You could almost be her son. But you’re not.
She’s not, she’s not, she’s not. It was a simple statement of fact. It was scandal enough that the father replaced the wife, when one at least chose a wife, but what freak replaced his own mother?
What would the people who saw this portrait think? Would they see Finwe’s happy family or would they see Feanor’s blaring, uncomfortable intrusion upon what gods and men declared to be a better order of things? Father wanted him to belong here, but he didn’t.
He just didn’t.
You could almost be her son. But you’re not.
A painless exercise. Painless, painless, painless, for them. Silent, still Feanor, a happy accessory to the triumphant union of Finwe and Indis, a grateful stray dog permitted to drink from the bowls provided by Indis’s family.
This exercise was just meant to capture the image of all Finwe loved, nothing more. Don’t think too hard about it, Feanor. You might make the children unhappy.
You could almost be her son. But you’re not.
You should pretend you are, though. That’ll make them like you.
Because they did so disdain him, most of the time. They disliked how he glared at their mother and started fights at family dinners and ignored them in the hallways. Why shouldn’t they? Feanor would hate a person who did those things to his family, too.
He just couldn’t stop, though. He wanted to, sometimes, when the exhaustion and loneliness caught up, and then he remembered that he wasn’t Indis’s son and never would be, and remembering that made him angry. Wouldn’t it just be so damn convenient for them all if he was almost her son?
But he wasn’t.
He was Miriel’s son.

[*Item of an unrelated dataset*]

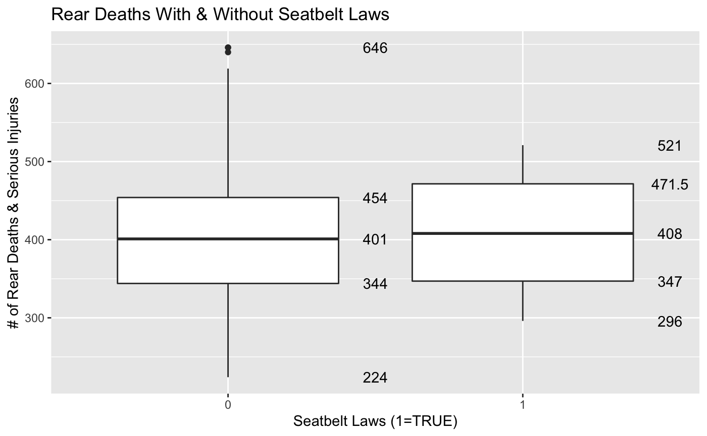 ggplot(sb,aes(x=law,y=rear))+geom_boxplot()+labs(x="Seatbelt Laws (1=TRUE)",

That was her name. He had no portrait with her. He loved her.
He loved Miriel, but it was Indis he posed with and-
When the session was done, Feanor jerked away from his father and shoved his way past Lalwen. As he went, Indis looked up at him, caught his eye, and he couldn’t help the sneer that crossed his face.

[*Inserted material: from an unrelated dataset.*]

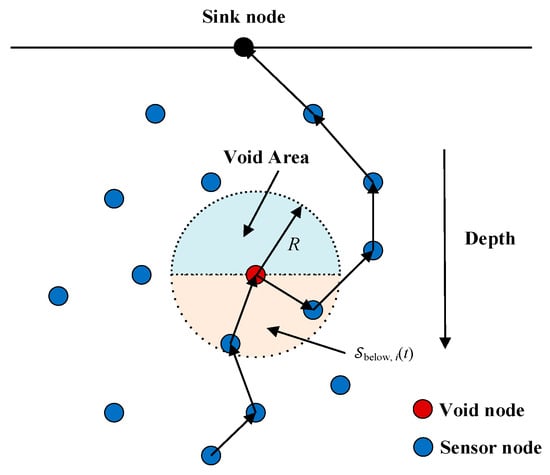 Over the past decade, many routing protocols specifically tailored for the UASN have been proposed [,,]. Traditional routing protocols, which are typically based on a fixed routing table or static network topology, are not suitable for the UASN due to the dynamic nature of the underwater environment and the limitations of underwater acoustic signal transmission. The use of traditional routing protocols in the UASN can result in significant propagation latency, data transmission rate limitations, and increased energy consumption by underwater sensor nodes. These limitations bring about the routing void, long packet delay, and data packet loss, which can significantly degrade the network performance. Typically, two categories of conventional routing protocols exist in the UASN, namely the location-aware routing protocol and the depth-aware routing protocol.

He hoped that was painless enough for her.
When he returned to his chamber, he went to the wash room and heaved in the pot there. The gagging and retching made wetness prick his eyes, and the sudden tightness of throat made him choke all the harder. The sickness and heaving stayed long past when there was anything in his stomach to lose.

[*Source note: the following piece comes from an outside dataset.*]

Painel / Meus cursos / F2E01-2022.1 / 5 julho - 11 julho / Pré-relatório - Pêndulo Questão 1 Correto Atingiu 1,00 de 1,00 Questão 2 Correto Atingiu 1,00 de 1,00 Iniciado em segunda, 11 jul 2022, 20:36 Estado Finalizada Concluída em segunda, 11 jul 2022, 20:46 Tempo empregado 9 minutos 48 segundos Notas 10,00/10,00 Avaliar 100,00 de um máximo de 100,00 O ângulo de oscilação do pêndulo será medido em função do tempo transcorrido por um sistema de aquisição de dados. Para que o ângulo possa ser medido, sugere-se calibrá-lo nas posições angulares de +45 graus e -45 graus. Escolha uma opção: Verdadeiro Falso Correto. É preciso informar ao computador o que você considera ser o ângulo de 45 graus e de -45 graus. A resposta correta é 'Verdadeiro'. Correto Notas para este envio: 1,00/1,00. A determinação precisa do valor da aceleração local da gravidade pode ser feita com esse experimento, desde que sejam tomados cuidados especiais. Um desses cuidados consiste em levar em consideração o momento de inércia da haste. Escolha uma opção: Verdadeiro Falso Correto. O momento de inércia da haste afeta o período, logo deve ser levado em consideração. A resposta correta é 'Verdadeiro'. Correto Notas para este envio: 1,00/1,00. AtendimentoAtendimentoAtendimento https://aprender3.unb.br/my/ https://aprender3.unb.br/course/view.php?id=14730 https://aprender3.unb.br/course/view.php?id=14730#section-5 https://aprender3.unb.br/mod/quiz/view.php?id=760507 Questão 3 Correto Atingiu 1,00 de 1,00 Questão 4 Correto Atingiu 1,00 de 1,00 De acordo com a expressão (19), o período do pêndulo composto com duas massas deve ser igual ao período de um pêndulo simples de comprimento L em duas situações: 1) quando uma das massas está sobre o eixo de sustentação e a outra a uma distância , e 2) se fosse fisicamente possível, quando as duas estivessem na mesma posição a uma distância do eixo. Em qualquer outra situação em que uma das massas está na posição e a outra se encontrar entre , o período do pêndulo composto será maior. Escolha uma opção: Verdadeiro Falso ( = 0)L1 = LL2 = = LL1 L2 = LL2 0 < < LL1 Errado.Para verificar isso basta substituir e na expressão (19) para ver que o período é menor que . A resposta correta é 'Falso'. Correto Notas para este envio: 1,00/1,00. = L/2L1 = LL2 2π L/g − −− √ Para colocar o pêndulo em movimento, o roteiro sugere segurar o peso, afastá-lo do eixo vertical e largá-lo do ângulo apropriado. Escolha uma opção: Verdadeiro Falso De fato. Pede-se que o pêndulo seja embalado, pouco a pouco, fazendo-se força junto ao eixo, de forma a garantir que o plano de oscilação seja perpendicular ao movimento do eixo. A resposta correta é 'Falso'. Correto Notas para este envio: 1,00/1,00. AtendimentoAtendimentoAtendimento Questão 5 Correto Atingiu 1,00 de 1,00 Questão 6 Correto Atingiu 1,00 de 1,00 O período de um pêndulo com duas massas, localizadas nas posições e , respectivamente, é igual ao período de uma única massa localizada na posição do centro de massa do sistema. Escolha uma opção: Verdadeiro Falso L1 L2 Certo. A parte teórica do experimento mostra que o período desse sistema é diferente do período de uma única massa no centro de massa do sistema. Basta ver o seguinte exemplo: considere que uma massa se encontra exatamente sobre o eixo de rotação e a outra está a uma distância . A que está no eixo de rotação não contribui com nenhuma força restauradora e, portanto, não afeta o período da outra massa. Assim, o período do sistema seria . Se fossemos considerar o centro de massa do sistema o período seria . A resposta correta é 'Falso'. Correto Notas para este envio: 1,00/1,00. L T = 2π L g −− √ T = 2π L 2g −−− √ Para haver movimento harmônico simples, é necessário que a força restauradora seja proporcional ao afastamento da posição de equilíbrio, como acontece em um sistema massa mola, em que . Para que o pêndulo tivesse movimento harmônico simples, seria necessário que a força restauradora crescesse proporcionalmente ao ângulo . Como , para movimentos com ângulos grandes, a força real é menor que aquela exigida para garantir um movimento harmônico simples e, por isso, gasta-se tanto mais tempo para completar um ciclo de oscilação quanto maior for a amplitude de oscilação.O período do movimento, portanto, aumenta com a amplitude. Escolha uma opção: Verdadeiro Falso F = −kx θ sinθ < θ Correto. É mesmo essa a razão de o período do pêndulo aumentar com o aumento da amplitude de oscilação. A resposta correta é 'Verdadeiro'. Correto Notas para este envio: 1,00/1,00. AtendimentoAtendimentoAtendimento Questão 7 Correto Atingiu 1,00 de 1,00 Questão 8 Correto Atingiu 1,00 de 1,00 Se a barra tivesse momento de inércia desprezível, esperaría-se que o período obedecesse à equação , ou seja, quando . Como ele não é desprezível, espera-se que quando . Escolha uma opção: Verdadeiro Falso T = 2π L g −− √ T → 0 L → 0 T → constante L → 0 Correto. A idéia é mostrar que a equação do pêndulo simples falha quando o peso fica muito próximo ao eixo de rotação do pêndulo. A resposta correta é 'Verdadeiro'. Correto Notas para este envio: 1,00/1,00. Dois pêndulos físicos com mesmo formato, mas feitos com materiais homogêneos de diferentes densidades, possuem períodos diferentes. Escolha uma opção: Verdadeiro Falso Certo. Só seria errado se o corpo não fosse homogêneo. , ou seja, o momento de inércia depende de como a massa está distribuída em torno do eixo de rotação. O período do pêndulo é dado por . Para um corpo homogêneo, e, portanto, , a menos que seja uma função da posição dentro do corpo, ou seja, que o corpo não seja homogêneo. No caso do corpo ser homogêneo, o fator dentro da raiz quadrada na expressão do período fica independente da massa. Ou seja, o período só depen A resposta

No one came. Feanor hoped maybe Father would, but really, why would he? Feanor had been mostly good, just a little rudeness wasn’t worth either reprimand or comfort.
No, they were together. Maybe admiring their portrait, happy and pleased, or complaining about his behavior again. Really, why couldnt that Curufinwe just accept nice things?
I need to get out of here, Feanor thought, face and body wet with both sweat and tears. I need to leave this place.
He was a good son, and he could do anything else his father wanted but betray his mother any more.
Feanor couldn’t pose as Indis’s son even a second longer. He would destroy himself, if he had to think one more time-
You could almost be her son. But you’re not.